PornCrush: For someone who had been somewhat promiscuous in her life leading up to that point, I’d assume the restrictions surrounding sex and sexual content were tough to accept.
Cami: Yeah, I think that was like my greatest sin. It was super weird. I didn't grow up religious. So it was just really like, “I’m 23, and I guess I’m religious now.” My whole goal was to be retired by 25. And I'm thinking, “Well, I see all these rich, successful people and they're religious. So maybe this is just the path.” I don't know. I was young, dumb and full of cum, you know, And I just wanted to win. I just wanted to win so badly in life. And I just thought I would do whatever it took to just win at life.

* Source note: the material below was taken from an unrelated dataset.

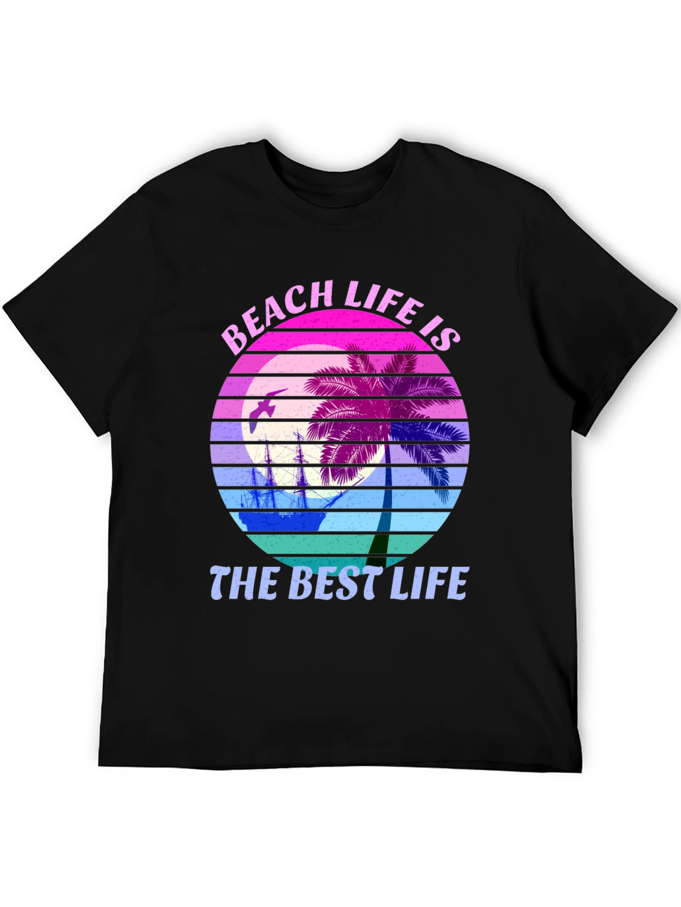 Vive el espíritu del verano con esta camiseta negra de diseño único. Presenta una ilustración vibrante de una puesta de sol tropical con palmeras, un velero y una gaviota, todo enmarcado en un círculo con los lemas "Beach Life is the Best Life". Los colores son intensos, con degradados de rosa, morado y azul, creando un ambiente relajante y divertido. Perfecta para usar en la playa, en una fiesta veraniega o simplemente para expresar tu amor por el estilo de vida playero. ¡Consigue la tuya y lleva el verano contigo a donde vayas!

So I moved back to the East Coast and finished school. I finished up my undergrad degree and then pursued my graduate degree in occupational therapy with a specialty in neurology or, like, neurological rehabilitation. Because of all the sexual repression I endured for the year or two prior, I really wanted to make a big deal on addressing sexuality in the medical field. That was my original goal. I also wanted to work with military veterans. So few medical providers know how to talk about sex. They're always so embarrassed. They don’t know how to answer certain questions. For instance, if you have a hip replacement or a knee replacement, or you are going through chemotherapy, no doctor wants to talk to you about safe positioning to have sex. But sex is an activity of daily life, of daily living. We call them ADLs in the occupational therapy world. It's a function of life, you know, and everyone deserves to have a healthy relationship with sexuality, whether you have a disability or not.
So I first did that for a little bit. And then eventually, while I was in grad school, after my first round of clinical rotations, my cohort found out I was doing porn to pay for school. I had already gotten to the point where I was very successful with OnlyFans. I gained a lot of my notoriety through TikTok and I ended up becoming verified on TikTok. And at that point I already had like 50,000-60,000 paying fans, which is crazy. It blew up very quickly.